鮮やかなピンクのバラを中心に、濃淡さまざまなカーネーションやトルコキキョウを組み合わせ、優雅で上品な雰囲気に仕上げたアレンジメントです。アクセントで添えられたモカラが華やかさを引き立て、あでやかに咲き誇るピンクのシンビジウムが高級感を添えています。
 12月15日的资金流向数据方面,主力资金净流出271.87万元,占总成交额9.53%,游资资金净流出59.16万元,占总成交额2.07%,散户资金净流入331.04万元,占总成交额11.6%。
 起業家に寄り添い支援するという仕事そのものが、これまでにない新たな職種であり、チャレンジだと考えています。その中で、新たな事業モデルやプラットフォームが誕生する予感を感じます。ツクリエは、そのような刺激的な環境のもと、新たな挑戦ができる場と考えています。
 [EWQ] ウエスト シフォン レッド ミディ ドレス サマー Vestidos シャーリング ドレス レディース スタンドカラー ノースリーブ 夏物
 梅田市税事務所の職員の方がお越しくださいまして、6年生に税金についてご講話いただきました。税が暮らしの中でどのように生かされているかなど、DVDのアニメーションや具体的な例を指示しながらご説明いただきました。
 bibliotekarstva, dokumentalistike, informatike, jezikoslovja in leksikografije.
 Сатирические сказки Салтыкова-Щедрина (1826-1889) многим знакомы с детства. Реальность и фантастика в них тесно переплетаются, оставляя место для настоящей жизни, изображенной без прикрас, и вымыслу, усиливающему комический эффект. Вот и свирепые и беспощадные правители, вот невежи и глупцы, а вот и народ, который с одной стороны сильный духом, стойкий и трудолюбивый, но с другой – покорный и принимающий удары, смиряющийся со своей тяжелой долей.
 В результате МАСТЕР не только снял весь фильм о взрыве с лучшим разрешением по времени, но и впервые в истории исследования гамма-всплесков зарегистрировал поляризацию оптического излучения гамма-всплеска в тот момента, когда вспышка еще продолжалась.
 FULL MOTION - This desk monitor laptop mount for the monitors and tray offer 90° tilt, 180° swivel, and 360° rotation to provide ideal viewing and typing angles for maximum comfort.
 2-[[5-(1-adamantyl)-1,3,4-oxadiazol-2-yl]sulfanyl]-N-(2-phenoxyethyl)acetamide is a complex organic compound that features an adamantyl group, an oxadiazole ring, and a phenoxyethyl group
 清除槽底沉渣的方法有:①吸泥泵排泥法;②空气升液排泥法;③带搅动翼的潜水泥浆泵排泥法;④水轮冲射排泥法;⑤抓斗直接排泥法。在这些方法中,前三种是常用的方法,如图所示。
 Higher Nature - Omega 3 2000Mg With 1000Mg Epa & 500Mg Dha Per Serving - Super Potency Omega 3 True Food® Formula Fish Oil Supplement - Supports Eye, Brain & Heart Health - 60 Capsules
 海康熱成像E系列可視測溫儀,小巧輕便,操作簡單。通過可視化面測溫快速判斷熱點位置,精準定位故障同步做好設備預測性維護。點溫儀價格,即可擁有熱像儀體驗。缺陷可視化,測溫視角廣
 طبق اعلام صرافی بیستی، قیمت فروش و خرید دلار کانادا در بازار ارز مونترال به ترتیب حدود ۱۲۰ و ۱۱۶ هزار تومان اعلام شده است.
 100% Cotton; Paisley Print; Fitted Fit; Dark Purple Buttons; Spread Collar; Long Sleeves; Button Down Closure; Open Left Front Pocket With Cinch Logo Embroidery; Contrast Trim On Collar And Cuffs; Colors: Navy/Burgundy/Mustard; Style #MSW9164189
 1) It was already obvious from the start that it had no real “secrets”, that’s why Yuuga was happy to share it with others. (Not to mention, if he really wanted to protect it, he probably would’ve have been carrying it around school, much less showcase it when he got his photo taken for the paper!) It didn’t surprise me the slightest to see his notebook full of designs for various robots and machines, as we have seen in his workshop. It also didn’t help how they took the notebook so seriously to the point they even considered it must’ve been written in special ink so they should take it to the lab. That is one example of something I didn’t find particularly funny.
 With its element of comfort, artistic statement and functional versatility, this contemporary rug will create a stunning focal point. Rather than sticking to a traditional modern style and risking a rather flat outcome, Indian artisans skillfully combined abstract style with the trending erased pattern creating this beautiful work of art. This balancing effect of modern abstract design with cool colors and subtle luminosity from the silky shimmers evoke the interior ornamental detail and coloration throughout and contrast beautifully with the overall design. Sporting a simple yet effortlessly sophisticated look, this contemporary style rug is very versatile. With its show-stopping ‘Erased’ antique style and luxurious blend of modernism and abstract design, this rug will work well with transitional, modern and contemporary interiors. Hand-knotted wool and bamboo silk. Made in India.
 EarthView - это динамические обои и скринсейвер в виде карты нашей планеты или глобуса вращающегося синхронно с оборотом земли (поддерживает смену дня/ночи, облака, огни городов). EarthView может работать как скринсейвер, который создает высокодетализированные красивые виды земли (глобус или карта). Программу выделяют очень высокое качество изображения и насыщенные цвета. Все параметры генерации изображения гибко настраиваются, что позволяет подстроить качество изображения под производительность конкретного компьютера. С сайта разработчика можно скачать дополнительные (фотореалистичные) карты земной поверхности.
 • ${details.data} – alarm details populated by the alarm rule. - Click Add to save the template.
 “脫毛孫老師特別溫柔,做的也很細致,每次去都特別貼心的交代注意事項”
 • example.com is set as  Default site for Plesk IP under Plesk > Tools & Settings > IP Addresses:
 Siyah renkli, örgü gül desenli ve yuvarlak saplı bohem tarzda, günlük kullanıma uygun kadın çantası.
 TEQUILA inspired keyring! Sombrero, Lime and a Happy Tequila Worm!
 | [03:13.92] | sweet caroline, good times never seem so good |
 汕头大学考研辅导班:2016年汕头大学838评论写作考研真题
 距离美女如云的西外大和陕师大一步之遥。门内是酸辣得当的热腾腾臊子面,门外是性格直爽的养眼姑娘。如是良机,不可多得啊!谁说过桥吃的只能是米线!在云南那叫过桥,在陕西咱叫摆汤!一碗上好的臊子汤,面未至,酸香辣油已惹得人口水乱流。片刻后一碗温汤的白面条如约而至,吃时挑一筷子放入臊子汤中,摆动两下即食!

◆ **Task**
Return all the data above, unaltered and complete.

◆ **Answer box**
鮮やかなピンクのバラを中心に、濃淡さまざまなカーネーションやトルコキキョウを組み合わせ、優雅で上品な雰囲気に仕上げたアレンジメントです。アクセントで添えられたモカラが華やかさを引き立て、あでやかに咲き誇るピンクのシンビジウムが高級感を添えています。
 12月15日的资金流向数据方面,主力资金净流出271.87万元,占总成交额9.53%,游资资金净流出59.16万元,占总成交额2.07%,散户资金净流入331.04万元,占总成交额11.6%。
 起業家に寄り添い支援するという仕事そのものが、これまでにない新たな職種であり、チャレンジだと考えています。その中で、新たな事業モデルやプラットフォームが誕生する予感を感じます。ツクリエは、そのような刺激的な環境のもと、新たな挑戦ができる場と考えています。
 [EWQ] ウエスト シフォン レッド ミディ ドレス サマー Vestidos シャーリング ドレス レディース スタンドカラー ノースリーブ 夏物
 梅田市税事務所の職員の方がお越しくださいまして、6年生に税金についてご講話いただきました。税が暮らしの中でどのように生かされているかなど、DVDのアニメーションや具体的な例を指示しながらご説明いただきました。
 bibliotekarstva, dokumentalistike, informatike, jezikoslovja in leksikografije.
 Сатирические сказки Салтыкова-Щедрина (1826-1889) многим знакомы с детства. Реальность и фантастика в них тесно переплетаются, оставляя место для настоящей жизни, изображенной без прикрас, и вымыслу, усиливающему комический эффект. Вот и свирепые и беспощадные правители, вот невежи и глупцы, а вот и народ, который с одной стороны сильный духом, стойкий и трудолюбивый, но с другой – покорный и принимающий удары, смиряющийся со своей тяжелой долей.
 В результате МАСТЕР не только снял весь фильм о взрыве с лучшим разрешением по времени, но и впервые в истории исследования гамма-всплесков зарегистрировал поляризацию оптического излучения гамма-всплеска в тот момента, когда вспышка еще продолжалась.
 FULL MOTION - This desk monitor laptop mount for the monitors and tray offer 90° tilt, 180° swivel, and 360° rotation to provide ideal viewing and typing angles for maximum comfort.
 2-[[5-(1-adamantyl)-1,3,4-oxadiazol-2-yl]sulfanyl]-N-(2-phenoxyethyl)acetamide is a complex organic compound that features an adamantyl group, an oxadiazole ring, and a phenoxyethyl group
 清除槽底沉渣的方法有:①吸泥泵排泥法;②空气升液排泥法;③带搅动翼的潜水泥浆泵排泥法;④水轮冲射排泥法;⑤抓斗直接排泥法。在这些方法中,前三种是常用的方法,如图所示。
 Higher Nature - Omega 3 2000Mg With 1000Mg Epa & 500Mg Dha Per Serving - Super Potency Omega 3 True Food® Formula Fish Oil Supplement - Supports Eye, Brain & Heart Health - 60 Capsules
 海康熱成像E系列可視測溫儀,小巧輕便,操作簡單。通過可視化面測溫快速判斷熱點位置,精準定位故障同步做好設備預測性維護。點溫儀價格,即可擁有熱像儀體驗。缺陷可視化,測溫視角廣
 طبق اعلام صرافی بیستی، قیمت فروش و خرید دلار کانادا در بازار ارز مونترال به ترتیب حدود ۱۲۰ و ۱۱۶ هزار تومان اعلام شده است.
 100% Cotton; Paisley Print; Fitted Fit; Dark Purple Buttons; Spread Collar; Long Sleeves; Button Down Closure; Open Left Front Pocket With Cinch Logo Embroidery; Contrast Trim On Collar And Cuffs; Colors: Navy/Burgundy/Mustard; Style #MSW9164189
 1) It was already obvious from the start that it had no real “secrets”, that’s why Yuuga was happy to share it with others. (Not to mention, if he really wanted to protect it, he probably would’ve have been carrying it around school, much less showcase it when he got his photo taken for the paper!) It didn’t surprise me the slightest to see his notebook full of designs for various robots and machines, as we have seen in his workshop. It also didn’t help how they took the notebook so seriously to the point they even considered it must’ve been written in special ink so they should take it to the lab. That is one example of something I didn’t find particularly funny.
 With its element of comfort, artistic statement and functional versatility, this contemporary rug will create a stunning focal point. Rather than sticking to a traditional modern style and risking a rather flat outcome, Indian artisans skillfully combined abstract style with the trending erased pattern creating this beautiful work of art. This balancing effect of modern abstract design with cool colors and subtle luminosity from the silky shimmers evoke the interior ornamental detail and coloration throughout and contrast beautifully with the overall design. Sporting a simple yet effortlessly sophisticated look, this contemporary style rug is very versatile. With its show-stopping ‘Erased’ antique style and luxurious blend of modernism and abstract design, this rug will work well with transitional, modern and contemporary interiors. Hand-knotted wool and bamboo silk. Made in India.
 EarthView - это динамические обои и скринсейвер в виде карты нашей планеты или глобуса вращающегося синхронно с оборотом земли (поддерживает смену дня/ночи, облака, огни городов). EarthView может работать как скринсейвер, который создает высокодетализированные красивые виды земли (глобус или карта). Программу выделяют очень высокое качество изображения и насыщенные цвета. Все параметры генерации изображения гибко настраиваются, что позволяет подстроить качество изображения под производительность конкретного компьютера. С сайта разработчика можно скачать дополнительные (фотореалистичные) карты земной поверхности.
 • ${details.data} – alarm details populated by the alarm rule. - Click Add to save the template.
 “脫毛孫老師特別溫柔,做的也很細致,每次去都特別貼心的交代注意事項”
 • example.com is set as  Default site for Plesk IP under Plesk > Tools & Settings > IP Addresses:
 Siyah renkli, örgü gül desenli ve yuvarlak saplı bohem tarzda, günlük kullanıma uygun kadın çantası.
 TEQUILA inspired keyring! Sombrero, Lime and a Happy Tequila Worm!
 | [03:13.92] | sweet caroline, good times never seem so good |
 汕头大学考研辅导班:2016年汕头大学838评论写作考研真题
 距离美女如云的西外大和陕师大一步之遥。门内是酸辣得当的热腾腾臊子面,门外是性格直爽的养眼姑娘。如是良机,不可多得啊!谁说过桥吃的只能是米线!在云南那叫过桥,在陕西咱叫摆汤!一碗上好的臊子汤,面未至,酸香辣油已惹得人口水乱流。片刻后一碗温汤的白面条如约而至,吃时挑一筷子放入臊子汤中,摆动两下即食!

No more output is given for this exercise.